Top of Data records

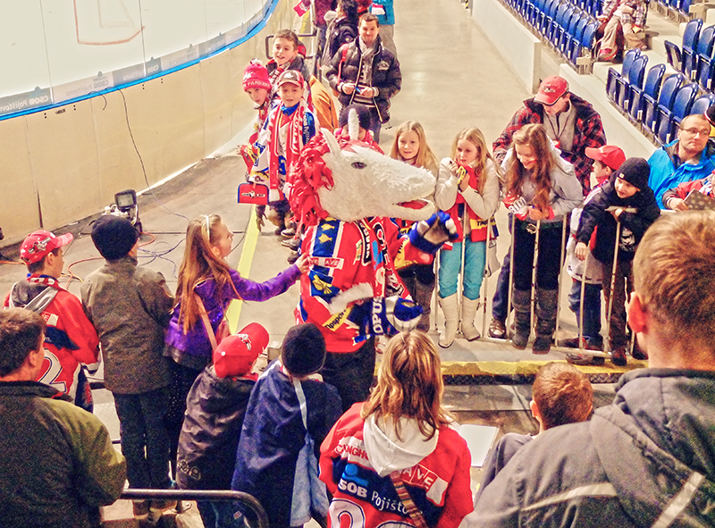 The timer on the scoreboard ran down to a few minutes remaining, children gathered by the railings in front of us, drowning in their oversized hockey jerseys. The players appeared to a huge cheer from the crowd, the kids eagerly high fiving the players as they ran past, through the horses mouth and onto the ice.
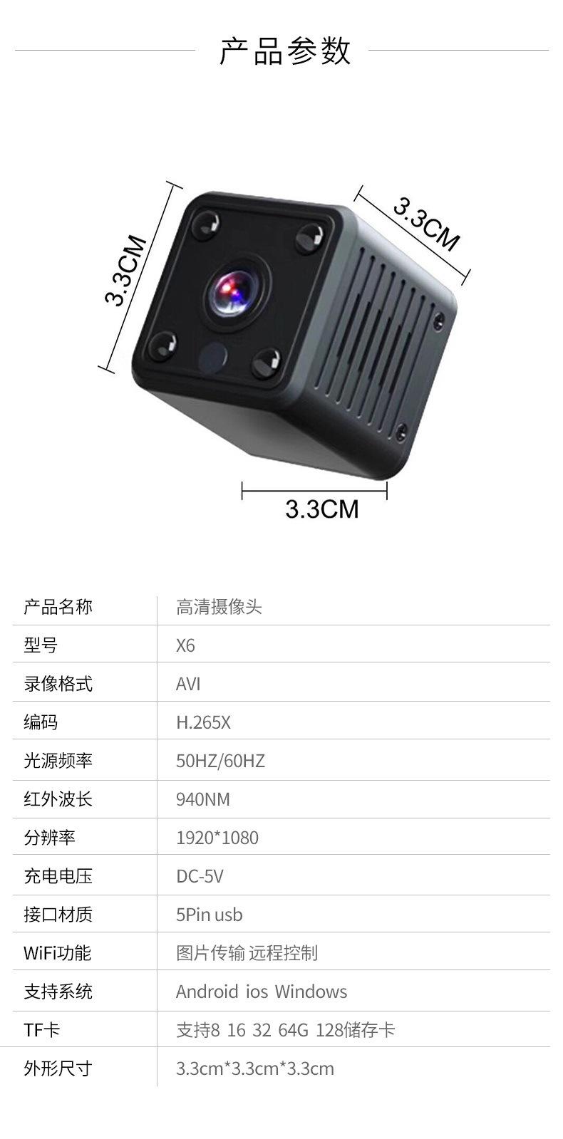Cámara X6 HD Cámara Pequeña Cuadrada Deportes al Aire Libre DV Cámara de Seguridad para el Hogar Monitoreo Cuidado del Bebé
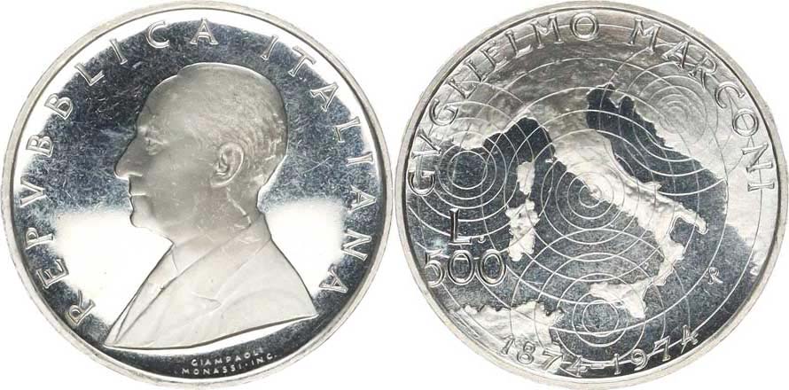 500 Lire 1974 R - Gugliemo Marconi KM 103 Ag 835 11,0 0 g
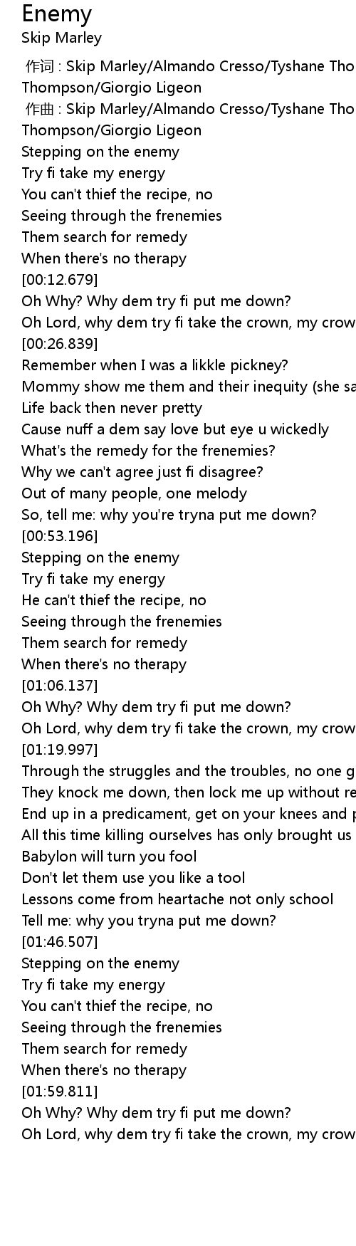 | [00:00.000] | 作词 : Skip Marley/Almando Cresso/Tyshane Thompson/Tasan Thompson/Giorgio Ligeon |
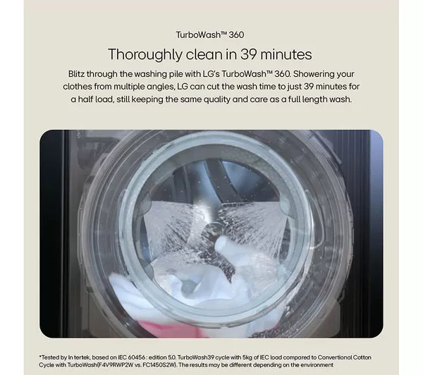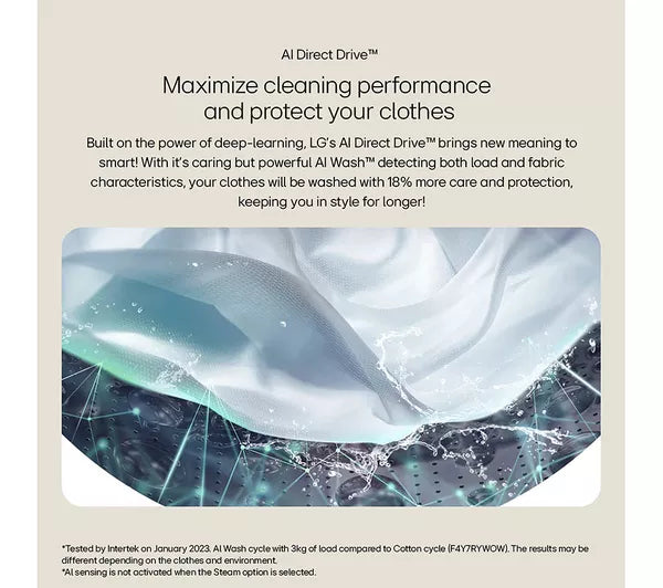When you're pushed for time, this LG washing machine's TurboWash 360 program is on hand to help. It blasts your clothes from every angle, so a 5 kg load will be ready in under 40 minutes. If you suffer from sniffles, sometimes a normal wash just won't cut it. The Steam function bathes your clothes in steam to get rid of up to 99.99% of germs, pollen and other nasties. And the AI Direct Drive analyses the weight and softness of your clothes to work out the best movement during the wash. It helps to prevent fabric damage, so you can stay in style for longer.
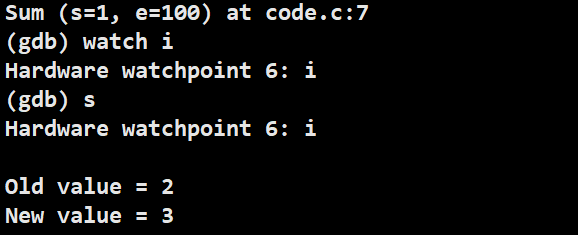 执行时监视一个表达式(如变量)的值。如果监视的表达式在程序运行期间的值发生变化,GDB 会暂停程序的执行,
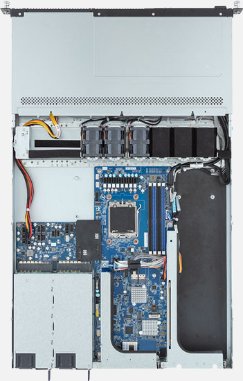 Single AMD EPYC 4004/ Ryzen 7000 series processor, 1x FHFL PCIe Gen5 x16 slot, 2x 1Gb/s LAN ports (Broadcom® BCM5720), Dual 800W Redundant PSU, 4x 3.5"/2.5" SATA hot-swappable drive bays.
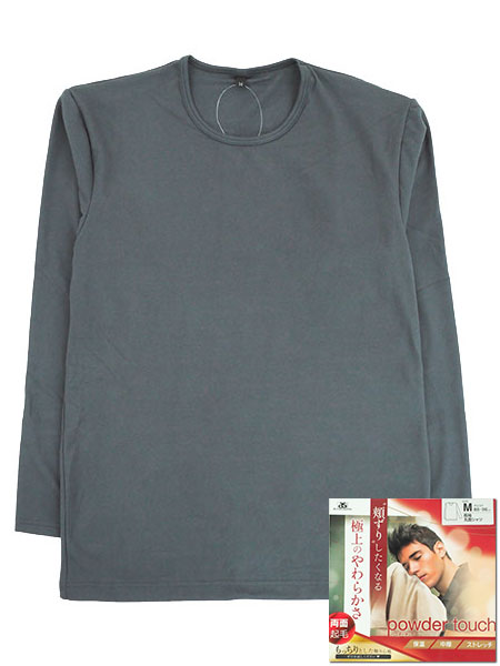 冬用メンズ肌着、頬ずりしたくなる極上のやわらかさ、両面起毛の長袖丸首シャツ。

Bottom of Data records

# [Task]
Ending at the line with "Thompson/Giorgio Ligeon |", reproduce exactly the lines that begin at the top of the data, and include no pictures.

# [Solution below]
 The timer on the scoreboard ran down to a few minutes remaining, children gathered by the railings in front of us, drowning in their oversized hockey jerseys. The players appeared to a huge cheer from the crowd, the kids eagerly high fiving the players as they ran past, through the horses mouth and onto the ice.
Cámara X6 HD Cámara Pequeña Cuadrada Deportes al Aire Libre DV Cámara de Seguridad para el Hogar Monitoreo Cuidado del Bebé
 500 Lire 1974 R - Gugliemo Marconi KM 103 Ag 835 11,0 0 g
 | [00:00.000] | 作词 : Skip Marley/Almando Cresso/Tyshane Thompson/Tasan Thompson/Giorgio Ligeon |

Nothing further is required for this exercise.